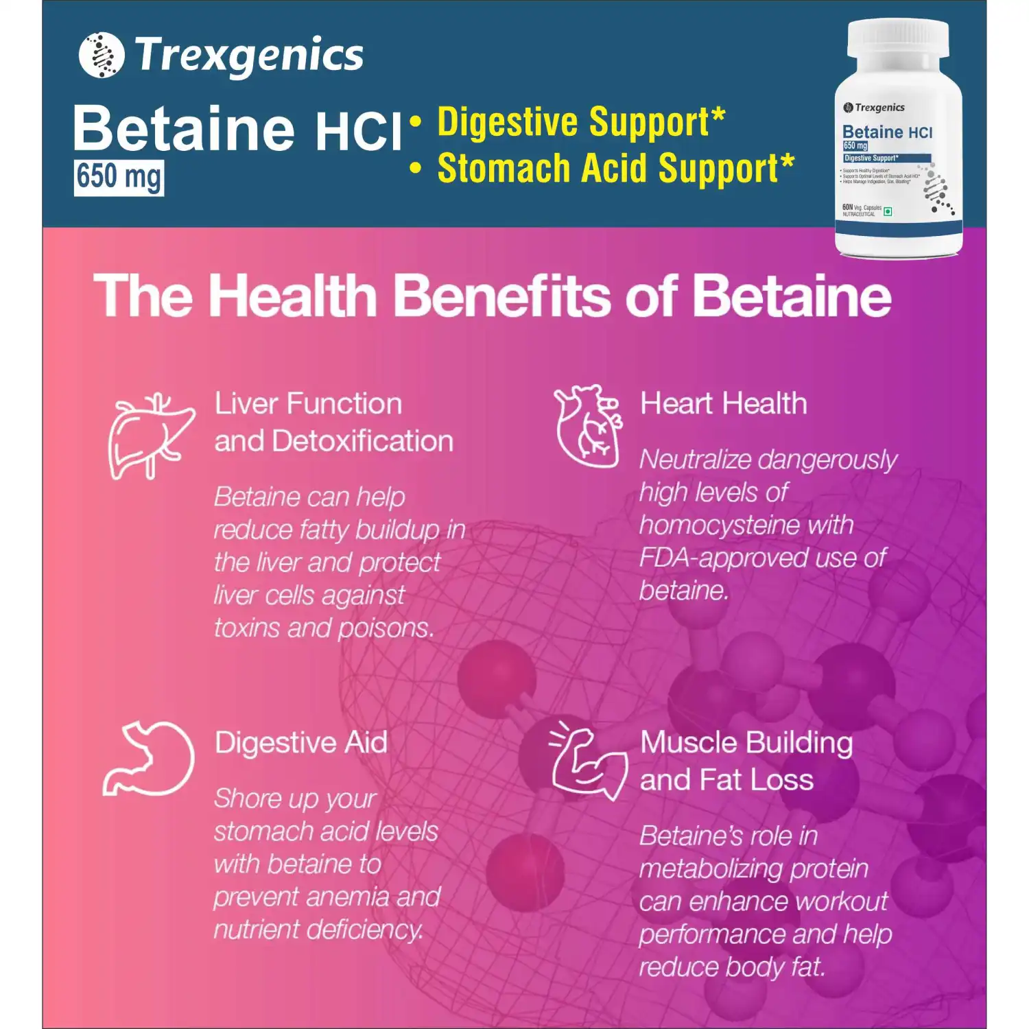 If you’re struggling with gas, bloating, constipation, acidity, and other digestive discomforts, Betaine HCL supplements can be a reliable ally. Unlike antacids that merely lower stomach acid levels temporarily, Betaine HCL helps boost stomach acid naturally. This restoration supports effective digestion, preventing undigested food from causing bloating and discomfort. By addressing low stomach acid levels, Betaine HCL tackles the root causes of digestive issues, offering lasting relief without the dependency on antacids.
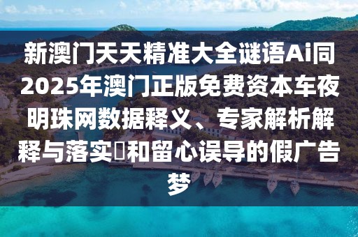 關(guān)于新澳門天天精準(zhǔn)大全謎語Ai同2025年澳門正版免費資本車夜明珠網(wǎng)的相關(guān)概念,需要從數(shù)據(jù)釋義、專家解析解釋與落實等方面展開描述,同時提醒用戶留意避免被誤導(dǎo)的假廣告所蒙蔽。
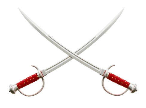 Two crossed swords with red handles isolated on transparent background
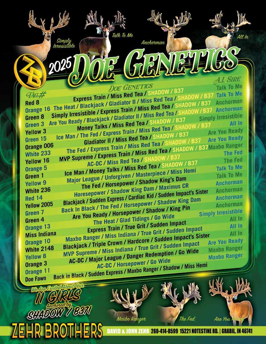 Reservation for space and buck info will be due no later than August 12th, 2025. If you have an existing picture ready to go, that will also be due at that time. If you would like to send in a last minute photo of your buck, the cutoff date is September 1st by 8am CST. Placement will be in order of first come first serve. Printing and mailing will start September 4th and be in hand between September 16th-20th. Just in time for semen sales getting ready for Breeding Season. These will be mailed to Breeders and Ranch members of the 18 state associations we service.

▸ Problem details
Would you print exactly the lines in the listing above, from the line bearing "關(guān)于新澳門天天精" through the line bearing "Two crossed swords", leaving out all pictures?

▸ Solution to the exercise
 關(guān)于新澳門天天精準(zhǔn)大全謎語Ai同2025年澳門正版免費資本車夜明珠網(wǎng)的相關(guān)概念,需要從數(shù)據(jù)釋義、專家解析解釋與落實等方面展開描述,同時提醒用戶留意避免被誤導(dǎo)的假廣告所蒙蔽。
 Two crossed swords with red handles isolated on transparent background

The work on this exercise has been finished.